2 mars 1984 - La Création du
"Prix International des Droits de Ludovic-Trarieux" Robert
BADINTER HOMMAGE
A LUDOVIC
TRARIEUX (Extraits) Salle
des Pas-Perdus Palais
de Justice de Bordeaux 2
mars 1984 « …cette âme exigeante de justice » EXTRAITS
DU DISCOURS DE MONSIEUR ROBERT BADINTER, GARDE
DES SCEAUX - MINISTRE DE LA JUSTICE (Extraits du discours prononcé par
Monsieur Robert BADINTER dans la Salle des Pas-Perdus du Palais de Justice de
Bordeaux – Bulletin du bâtonnier de l’Ordre des Avocats de Bordeaux, Edition
04/84 d’Avril 1984). Dessin de Badiucao « […] Parce que de la même façon que Zola, écrivain arrivé,
bourgeois rêvant d'Académie, peut à cet instant mesurer que ce qu'il risque
en écrivant « J'accuse », c'est de se voir refuser tant de couronnements
attendus, de la même façon, je dirais certainement plus lucidement encore,
parce qu'il est un homme politique, Trarieux sait
où son courage va le conduire. Et il y va résolument puisqu'il n'y a pas six
semaines qui s'écoulent entre le moment où Trarieux
parle au Sénat et celui où il va se trouver présent au procès Zola. Et c'est
à partir de là que nous verrons cette démarche se développer, se renforcer,
se durcir.
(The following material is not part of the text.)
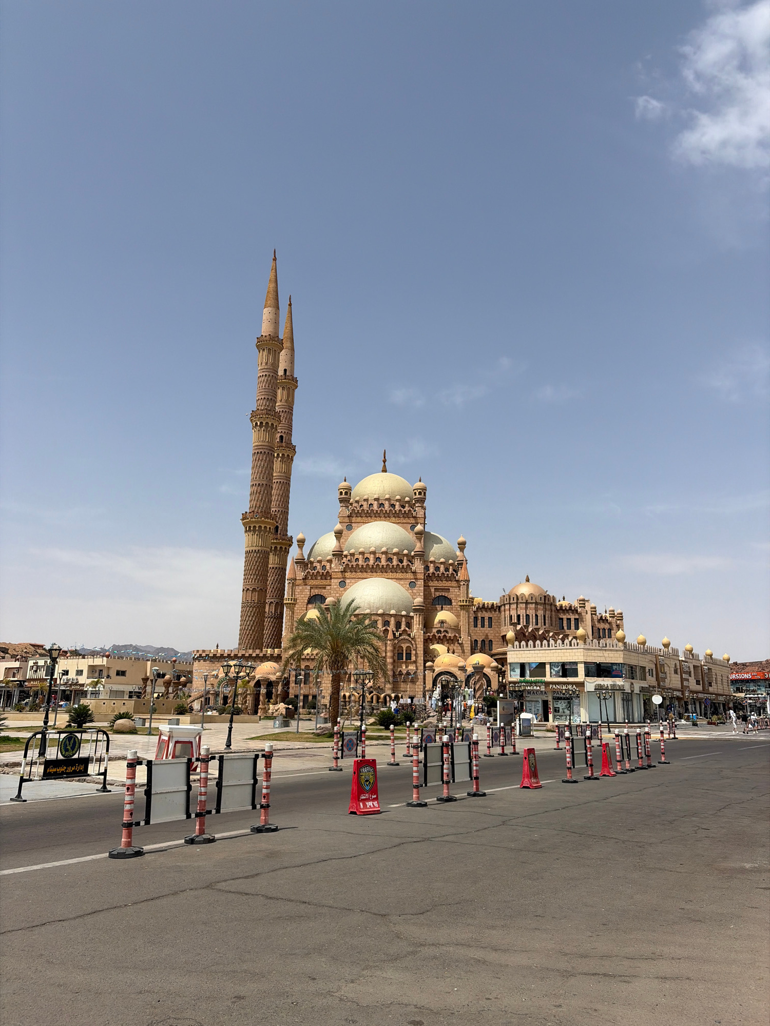 The image shows the Al-Mustafa Mosque in Sharm El Sheikh, Egypt. The mosque features a high minaret and multiple domes, constructed in a tan-colored stone. It is located next to a wide street with mul…read more

C'est à partir de là que Trarieux va
s'engager toujours plus avant : ce sera la première déposition au procès
Zola, et vous en avez dépeint l'ambiance décrite très exactement par Zévaès, et c'est aussi la deuxième déposition au procès
de Rennes. Aujourd'hui, quand on le reprend comme le fait si admirablement
un livre récent – dont je tairai par discrétion le nom de l'auteur que chacun
connait – il est facile de revivre l'affaire Dreyfus .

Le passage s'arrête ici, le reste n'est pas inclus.